つまり預言者ヨハネとアンデレとゼベダイの子ヨハネの三人が一緒にいたのです。そこにイエス様が通りかかります。預言者ヨハネはイエス様をじっと見つめて、(ああ、このお方が救い主なんだ)という深い感慨を持って、アンデレとゼベダイの子ヨハネに「見よ、神の小羊だ」と言ったのでした。
すると二人は命じられたわけでもなければ、呼ばれたわけでもないのに、イエス様の後をついていきました。非常に積極的にイエス様を求める行動に出たわけです。もっともこういう二人でありましても、イエス様に声をかけることまではできず、ただ黙って後ろをついていくだけだったようです。もしかしたら、こそこそと尾行するようについていったのかもしれません。
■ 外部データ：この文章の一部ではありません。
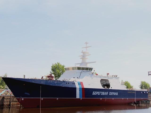 Впервые за 20 лет спущен на воду пограничный корабль для использования в Арктике, где до конца года появятся погранвойска РФ

それにお気づきになったイエス様は立ち止まり、振り向いて二人をご覧になりました。そして、「何を求めているのか」とお聞きになったというのです。急に声をかけられた二人はさぞかしびっくりしたことでありましょう。声もかけずにこっそりついていった失礼を恥ずかしく思ったかもしれません。
ともかく、二人はどきまぎしながら「先生、どこにお泊まりですか」と質問しました。すると、イエス様は微笑まれて、「一緒に来なさい。そうすれば分かりますよ」と、二人をお誘いくださったのでした。二人は喜んでイエス様と行き、その日はおそらく徹夜でじっくりとイエス様のお話に聞きいったのでした。そうしているうちに、だんだんとイエス様のお心の中に引き込まれていき、(このお方は本当に救い主だ)という確信を得ていったのでした。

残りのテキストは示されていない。